AI infrastructure without human capability is just hardware
The United States is in the middle of a defining conversation about AI infrastructure. But, years in, we are still asking the wrong questions. The infrastructure conversation starts and stops at chips, models, and computing power—and rarely arrives at the harder questions underneath: What should this infrastructure make possible for Americans, and are we actually building toward that?
Hardware without human capability is just hardware. The true measure of a nation’s infrastructure is what it enables people to do. By that measure, the United States has a problem. We are investing enormously in AI technology and almost nothing in the human capacity to use it. Improving what exists and building what’s needed are not competing priorities. They are both urgent.
Countries like China understand that advancing AI capabilities requires weaving its use into workforce systems, classrooms, and the fabric of daily life in ways that drive tangible outcomes. As routine work is automated, the value shifts to those who can use knowledge in context to think critically, create, and contribute. The result is a generation of citizens prepared for the AI age, not by accident, but as part of a deliberate national strategy to grow human capability at pace with technological change.
THE CAPABILITY TO USE AI WELL
The next frontier of global competitiveness will be defined by people’s capability to use AI well. Today’s kindergarten students will enter the workforce in 2037. Every year we wait to build that capability, the gap widens, and another cohort of young people moves through school struggling to develop the judgment and agency to direct their own lives.
We lead two organizations that have spent decades working inside America’s public schools—from different angles, but towards the same goal. Digital Promise brings deep educator co-design experience, learning science, edtech integration knowledge, and a track record of driving digital transformation through global and national leadership networks. TNTP brings extensive systems expertise and implementation depth, earned working side-by-side with educators and leaders inside schools, districts, and states. TNTP ensures that rigorous content, relevant learning, and edtech’s role in coherent instruction actually sticks in practice, instead of just in theory.
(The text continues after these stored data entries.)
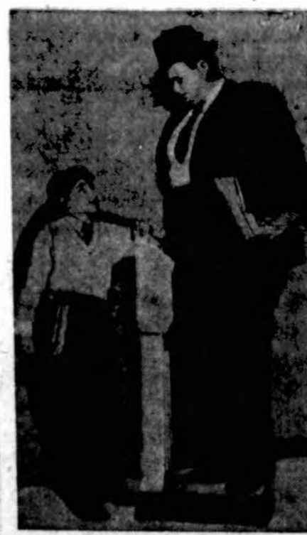
"Dovidas" ir "Galijotas".

KAUNAS (Tsb.) — Rugsėjo mėn. 15 dieną Vytauto Didžiojo Universitetas Kaune pradėjo naujus mokslu metus. Tą dieną Universitete buvo naujų studentų priėmimas — imatrikuliacija. Į visus fakultetus buvo paduota 845 prašymai. Priimta 536 nauji studen-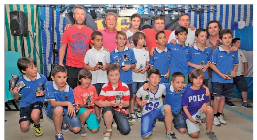
Reconocimiento al equipo Benjamín C cañamera en la Jira de San José.

Por otro lado, como es tradición, el domingo de Jira el cuadro azulino reunió a sus diferentes escalafones inferiores para entregar los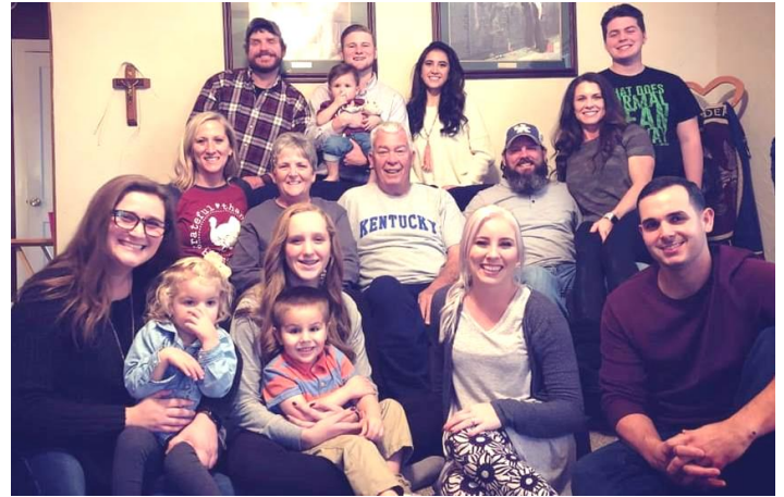
Más abuelos rodeados de sus nietos

“Una vez que se le preguntó a un hombre: "¿Qué ganaste rezando regularmente a Dios?" El hombre respondió: "Nada... pero déjame decirte lo que perdí: Ira, ego, avaricia, depresión, inseguridad y miedo a la muerte". A veces, la respuesta a nuestras oraciones no es ganar, sino perder, que es la ganancia".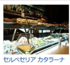
セルベセリアカタラナ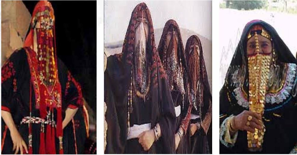
صورة رقم (4) توضح أشكال للأحزمة والبرافع للملابس السيناوية .

وتوشح المرأة بحزام الوسط الذي يحيط بخصر المرأة ويسمى (المقوط)، ويكون محاطاً بشريط مصنوع من شعر الماعز باللونين الأسود والأحمر ومزين بحبات الودع الأبيض ويلف على المقوط ثلاث مرات ويسمى (مريرة) .. كما تضع المرأة على وجهها البرقع كما في صورة رقم (4)، ولكل قبيلة برقع يميزها عن القبائل الأخرى من حيث الشكل واللون. (13)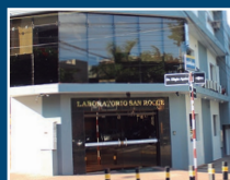
Laboratorio San Roque Centro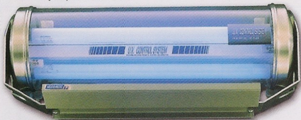
"Ejemplo mural 60w"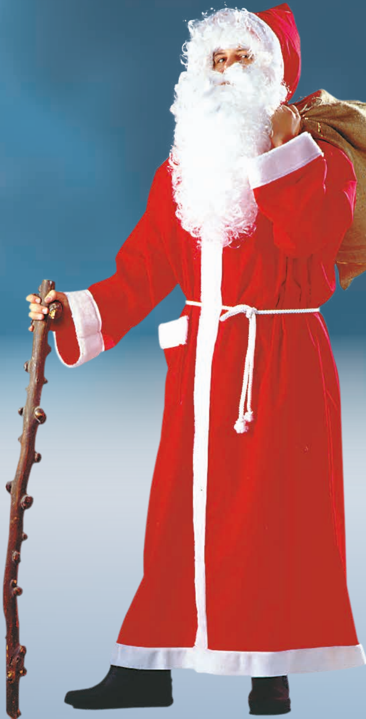
Bodenlanger Stoffmantel mit Kunstpelzbesatz, Kapuze, aufgesetzte Tasche und Gürtelkordel. 410.171.03 Universalgröße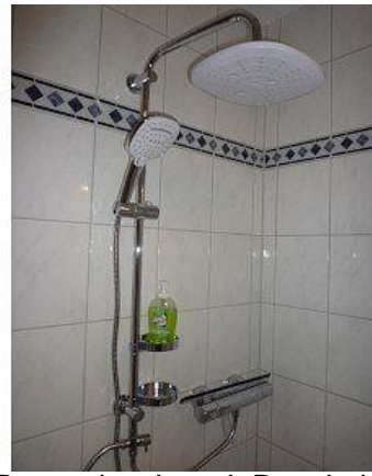
Regendusche mit Duschsitz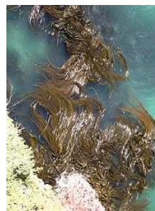
Hnědé řasy- chaluhy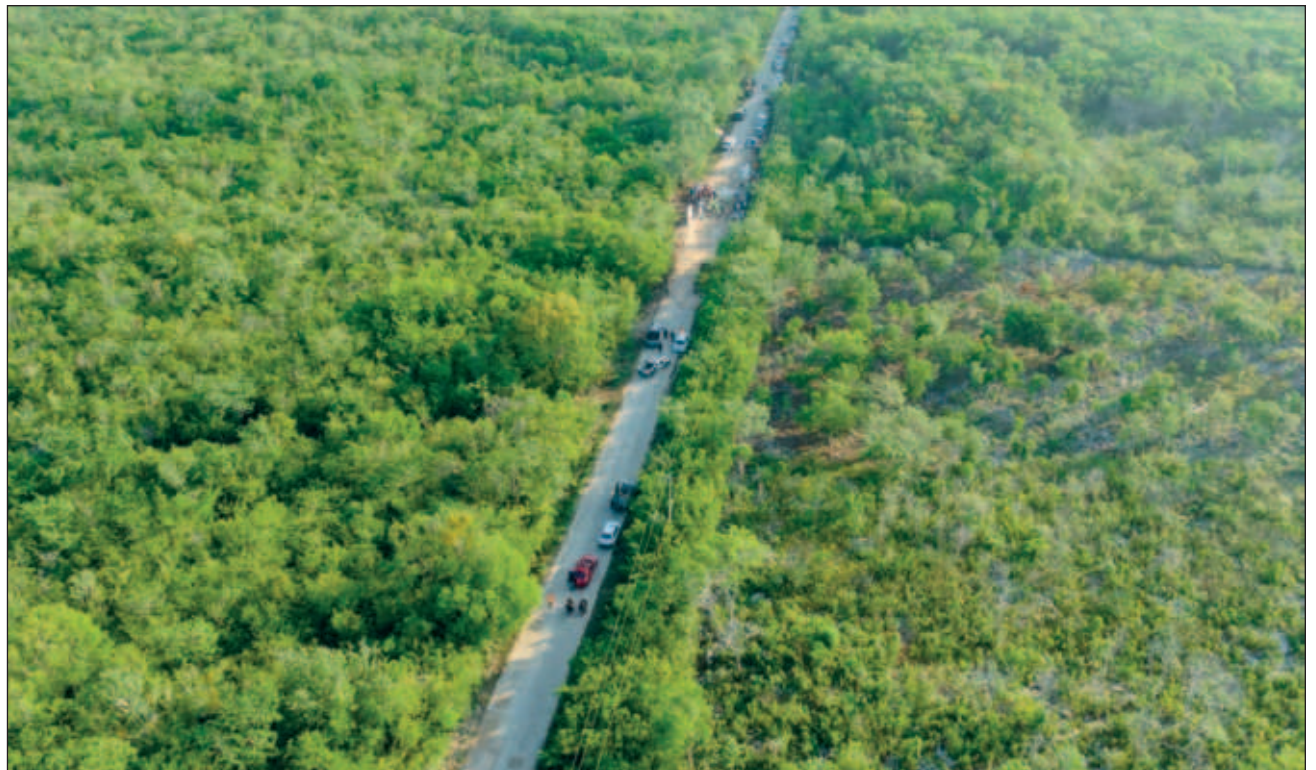
▲ La construcción del Tren Maya en la zona lleva un avance de 80 por ciento.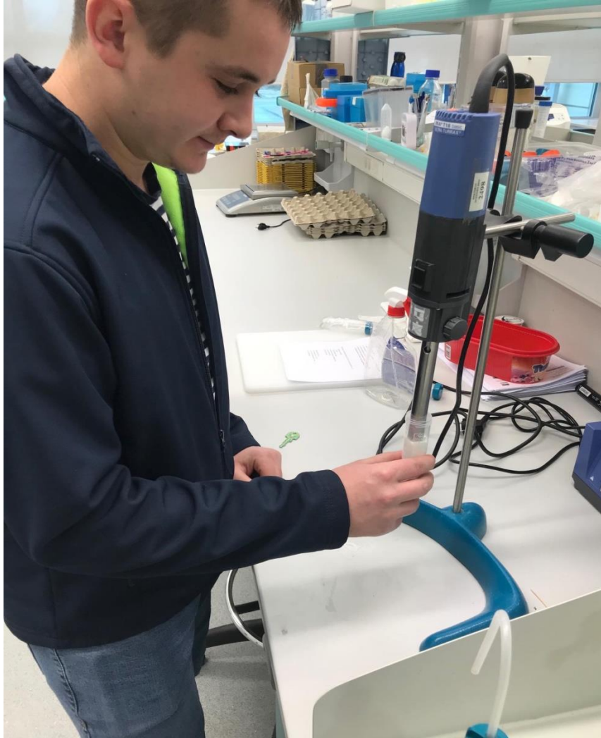
Slika 3. Rad na ultrazvučnom homogenizatoru T18 basic Ultra Turrax, IKA®

Tako pripremljena emulzija je dalje homogenizirana uz pomoć ultrazvučnog homogenizatora (T18 basic Ultra Turrax, IKA®) (Slika 3.) (jačina 4/5, u trajanju od 5 min) kako bi se dobila nanoemulzija.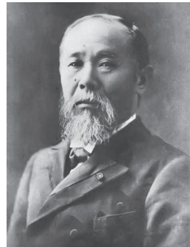
伊藤博文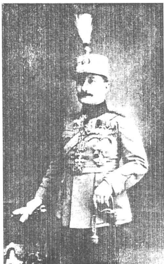
General Iacob ZADIK, comandantul Diviziei a VIII-a Regale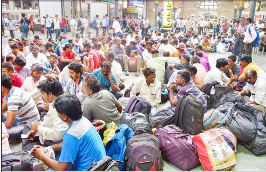
મહારાષ્ટ્રમાં સ્ટેટ રોડ ટ્રાન્સપોર્ટ કોર્પોરેશન (રાજ્ય માર્ગ પરિવહન નિગમ)ને રાજ્ય સરકાર સાથે મર્જ કરવાની માગણી લઈને આંદોલન કરી રહેલા નિગમના કર્મચારીઓ મુંબઈમાં છત્રપતિ શિવાજી મહારાજ ટર્મિનસના પ્લેટફોર્મ પર ધરણા પર બેસી દેખાવો કરી રહ્યા છે.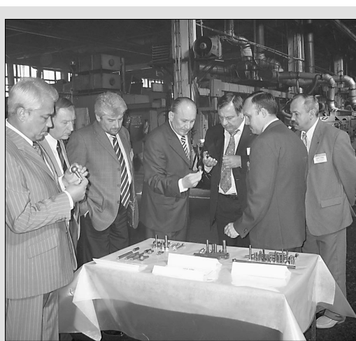
В рамках заседания ПКК.

воду грозила потеря лидирующих позиций в отрасли. Судьба «Автономали» вызвала серьезную озабоченность и у руководства республики. Вскоре с помощью нам удалось установить деловые контакты с группой компании «СОК» — мощного потенциального инвестора.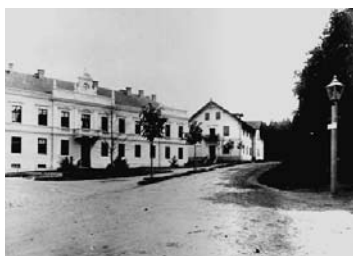
Nahoře: První lázeňská budova Dole: Staré lázně (vlevo), lázeňské vily Anna a Ervin

toužil navštívit proslulé toho času lázně sv. Vintíře v Dobré Vodě u Hartmanic. Poněvadž však pro pokročilou chorobu svou nemohl na cestu se vydati, byl nucen čekat, až bolesti trochu poleví. V této nesnázi zdálo se mu jednou, že v blízké bažině pod dutou jedlí prýští pramen léčivé vody, podobný onomu v Dobré Vodě. Když pak druhého dne pramen takový skutečně byl nalezen, dal se chorý ovčák k němu donésti a hle, po několika koupelích v křišťálové jeho vodě úplně ozdravěl. Z vděčnosti pak opatřil týž pramen kamennou sochou sv. Vintíře...“.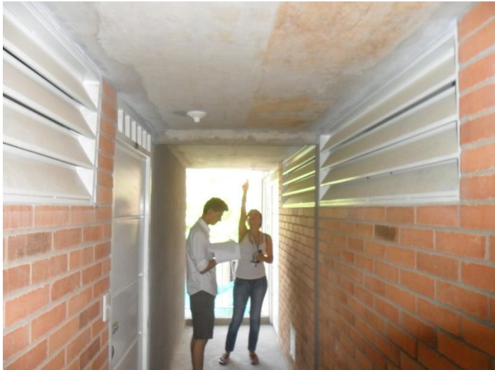
Ilustración 61 Toma de datos de la temperatura de superficie en el pasillo de la torre, Instrumento - termómetro infrarrojo.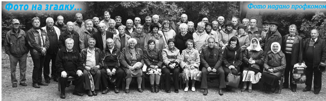
Зустріч у Лиманській дистанції електропостачання регіональної філії «Донецька залізниця»

3 пошти «Вісника» • 03049, Київ, Повітрофлотський проспект, 15 А. E-mail: visnykprof@gmail.com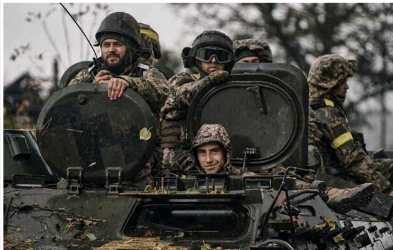
Ситуація на фронті: на Бахмутському напрямку Сили оборони відбили 19 атак противника

Минулої доби росіяни атакували на 8 напрямках, найактивніше на Мар'їнському та Авдіївському, загалом на фронті відбулося 100 бойових зіткнень; окупанти завдали 4 ракетних та 110 авіаційних ударів, здійснили 95 обстрілів з реактивних систем залпового вогню по позиціях українських військ та населених пунктах.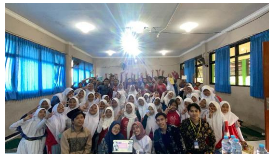
Gambar 3. Foto bersama setelah kegiatan

Setelah pemberian materi, dilakukan post-test dan evaluasi untuk mengetahui apakah materi yang diberikan dapat dipahami dengan baik dan untuk mengetahui apakah materi sudah sesuai dengan apa yang dibutuhkan siswa. Post-test berisi pertanyaan pilihan ganda dan evaluasi berisi pertanyaan dengan pilihan jawaban dari skala 1 sampai 4.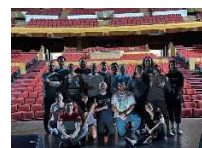
Breve reconocimiento a la Gran Sala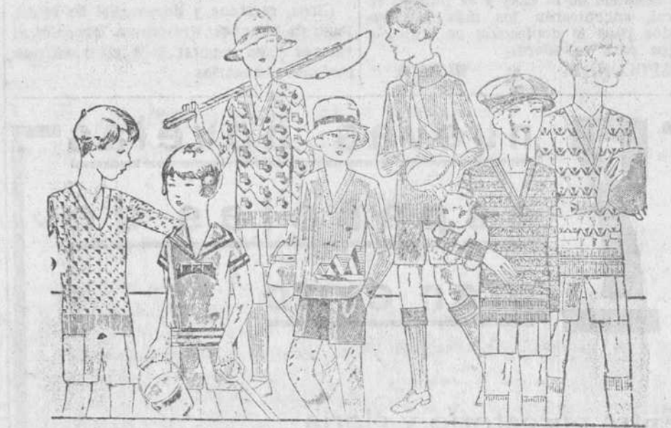
Jerseys y pullover novedad, en lana y algodón, de 4 a 10 pesetas. Modelos y colores novedad. Pantaloncitos cortos de paño, pana, dril y terciopelo.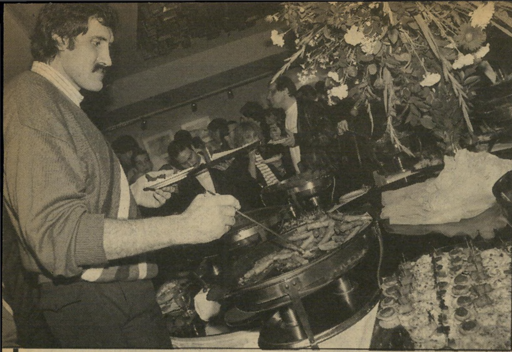
הוא מסוגל לחסל. השחקן הענק גילה שהוא מתעייף מהר בגלל המישקל האדיר שלו, המעמס על עמוד-השידרה ומשום העובדה שכבר אינו צעיר ביותר.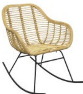
Rocking chair MALACCA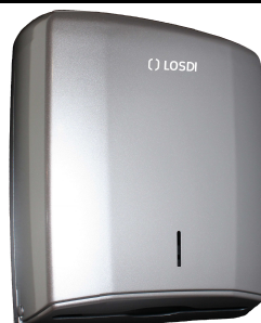
REF: CP-0106-CG Acabado PLATA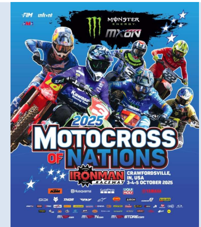
Motocross des Nations 3/4/5 octobre 2025 Ironman - Etats-Unis (Indiana)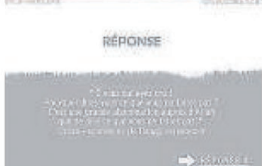
La bande dessinée « ADABéo », diffusée exclusivement sur Internet, propose chaque jour un quiz pour aider les pratiquants à vivre l'islam au quotidien.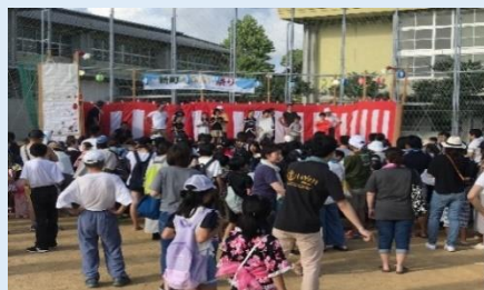
横浜新町ふれあい祭り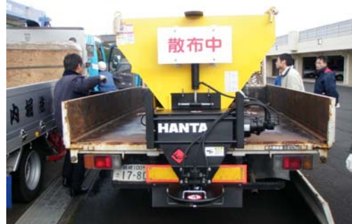
凍結防止剤散布機（車載式）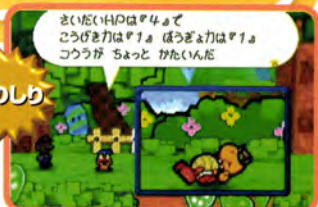
↑ クリオの特技は「ものしり」。敵のステータスがわかってちゃうぞ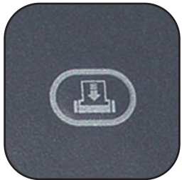
Turbo-jam terugloopfunctie; lost opstoppingen gemakkelijk en snel op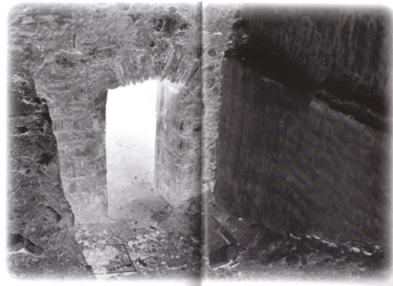
Photographie extraite d' Horizons incertains . © Martine Aballéa.

A l'image de la dernière photographie, ouverte et fermée à la fois, il n'y a pourtant ni porte d'entrée ni issue de secours dans l'ouvrage. L'horizon d'attente reste justement incertain. Les répétitions et les impressions de déjà-vu –rues, ruelles ou avenues, envisagées dans leur perspective fuyante, façades ou devantures anonymes et jamais photographiées frontalement...- produisent un effet intrigant, proche de celui des techniques itératives de la littérature. Tout se déroule enfin comme si nous étions ailleurs, simples passants dans le passage, comme tournant sur nous-même ou à l'intérieur d'une structure labyrinthique à la recherche d'une sortie.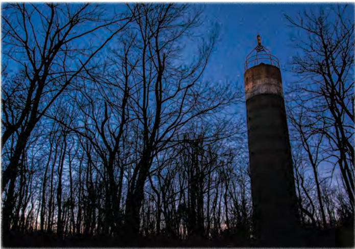
Buzás Dániel: Az első csillagok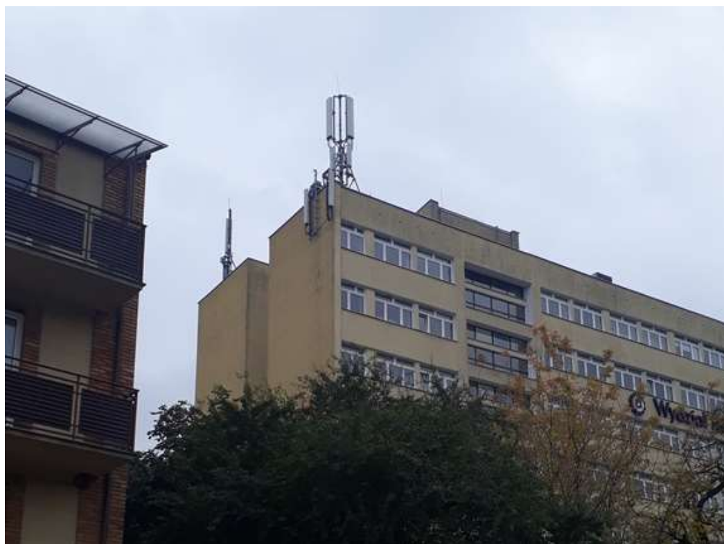
Fot. 1: Widoki anten stacji bazowej ID: BT12046, zlokalizowanej: ul. Nadbystrzycka 36, 20-618 Lublin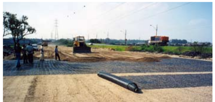
Figura 03 – Aterro sobre solo mole reforçado com geogrelhas MacGrid®.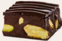
Fıstıklı Pralinli Çikolata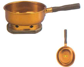
No.7410 台十能 (アルミ小判型・木製台・柄付) φ160×180×H100×L320mm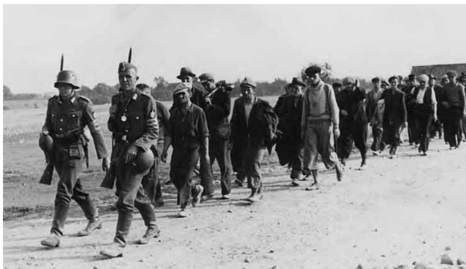
Członkowie Służby Pracy Rzeszy (Reicharbeitsdienst, RAD) eskortują grupę zatrzymanych Polaków we wrześniu 1939 r.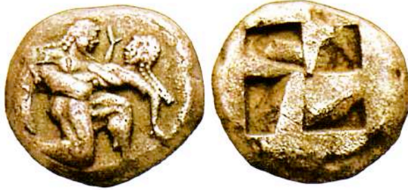
Αργυρός (AR) στατήρας Θάσου, 525-463 π.Χ. Βάρος 9,76 γρ. [SNG Copenhagen 1009/Kraay, ACGC, 519] Εμπροσθότυπος: Αρπαγή Νύμφης από Σίληνό. Η Νύμφη προβάλλει αντίσταση και έχει σπρωμένο το δεξί της χέρι, σε σχήμα ύψιλον "Y", ανάμεσα στις δύο μορφές. Ο Σίληνός τρέχει προς τα δεξιά με τον συμβατικό τρόπο της αρχαϊκής εποχής. Οπισθότυπος: Εγκοίλο τετράγωνο.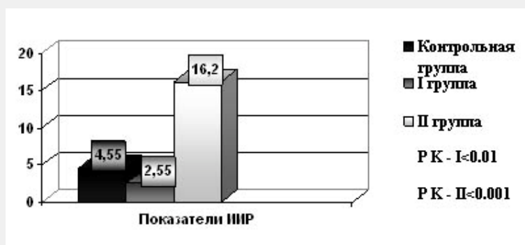
Рис. 1 Показатели ИИР у обследованных детей

У детей I группы ИИР составил в среднем 2,55 \pm 0,2 , у новорожденных II группы – 16,2 \pm 1,5 (Рис. 1).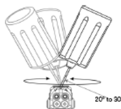
Seitenansicht während der Drehung.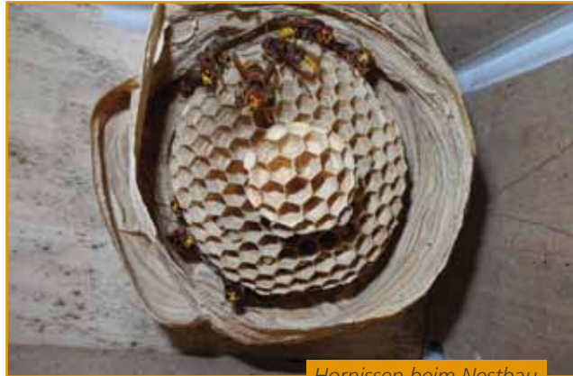
Hornissen beim Nestbau

„Carpe Diem“ heißt es für die Hornissen. Die Königinnen, die am längsten leben und ein Jahr alt werden, leisten in dieser Zeit Unglaubliches. Eine einzelne Königin sucht sich im späten Frühjahr einen geeigneten Niststandort und gründet einen ganzen Staat. Dazu bevorzugt sie dunkle Hohlräume, wie es sie in Bäumen gibt. Als Folge des Mangels an natürlichen Höhlungen finden sich ihre Nester auch auf Dachböden, in Geräteschuppen, Vogelnistkästen und Rollladenkästen. Letzteres ist jedoch ein für Mensch und Tier ungünstiger Standort. Das Besprühen von möglichen Einflugbereichen am Rollladenkasten mit Nelkenöl oder anderen ätherischen Ölen im Frühjahr, kann eine Hornissenkönigin abhalten ihren Staat dort zu gründen.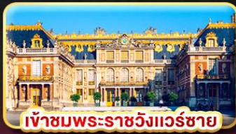
เข้าชมพระราชวังแวร์ซาย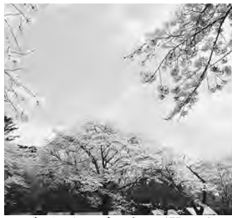
日本さくら名所100選にも

【問合せ】野田市観光協会(商工観光課内) ☎71231-1085(平日のみで8時30分から17時15分まで)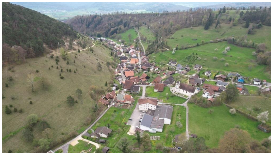
Dittingen aus der Vogelperspektive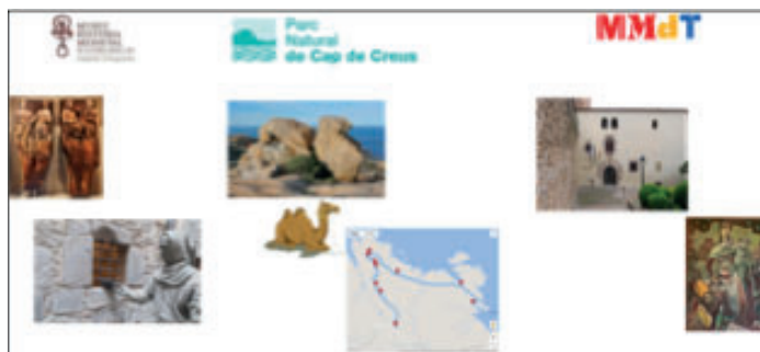
Fig. 2 Escenario de las pruebas piloto.

El objetivo de este artículo es presentar las pruebas piloto de co-creación de contenidos realizadas por expertos en patrimonio en el Museu d'Història Medieval de la Cúria-Presó, s. XIV de Castelló d'Empúries; en el Parc Natural del Cap de Creus; y en el Museu Municipal de Tossa de Mar (Fig. 2). Estas pruebas se han desarrollado dentro del proyecto PECT "Costa Brava i Pirineu de Girona: Natura, Cultura i Intel·ligència en xarxa" en colaboración con los responsables de las mencionadas instituciones patrimoniales.

Together, we have made a concrete commitment: to reach 15 million students by 2028 with learning experiences that use AI to build the learning and judgment young people need. While a national strategy is still necessary, hitting this target would prove that scale is possible. The opportunity is to act on what we know, and to abandon scattered experimentation in favor of intentional, and coherent evidence-informed implementation.
Catching up will require intention plus speed. AI must earn its place in classrooms by enhancing educators’ abilities to teach and students’ abilities to engage deeply. It will not earn its place by replacing human judgment, creativity, or relationships. When used well, AI can serve as a force multiplier, supporting differentiated instruction, accelerating foundational skills in math and literacy, and helping connect classroom learning to real-world applications and future pathways.
THE GAP BETWEEN CLASSROOMS AND THE WORKFORCE
Oregon offers the clearest proof of what this looks like in practice. Rather than banning AI or rushing adoption, the state built a coherent pipeline from K-12 through workforce—issuing early guidance on AI literacy, partnering with local universities and companies to train students on real industry applications, and connecting local districts, higher education, and employers around shared goals. Oregon serves as a compelling case study in how intentional, cross-sector coordination can bridge the gap between classroom instruction and the evolving demands of the modern workforce.
The principles are clear. Viable models are not. That gap is exactly what this work is designed to close. Over the next three years, our partnership will focus first on proving what works. We will co-design tools with educators rather than for them, run pilots that generate real learning signals, and produce implementation guidance that makes it easier for other districts and systems to follow.
Rather than developing a proprietary playbook, we are building a public infrastructure—procurement guidance, benchmark frameworks, and field-facing research that lowers the barrier to adoption everywhere. What follows must be about scaling those insights rapidly and responsibly.
This moment requires field-building. Educators need models, guidance, and shared knowledge that help them make informed, human-centered decisions about how AI fits into their practice. This means investing in professional learning. It also means aligning systems and preserving the relational core of teaching while expanding what’s possible.
Success will not be measured simply by more students using AI. It will be measured by educators making better decisions about where AI belongs and where it doesn’t. Students should arrive at the next stage of their lives with stronger judgment, deeper skills, and a clearer sense of what they can do with both.
If we get this right, AI will be a catalyst for expanding economic mobility and redefining what is possible for millions of learners.
This challenge will not magically fix itself. We can’t leave America’s future up to chance. The question for policymakers, districts, and fellow organizations is simple: Are you with us?
Jean-Claude Brizard is president and CEO of Digital Promise. Tequilla Brownie, EdD is CEO of TNTP.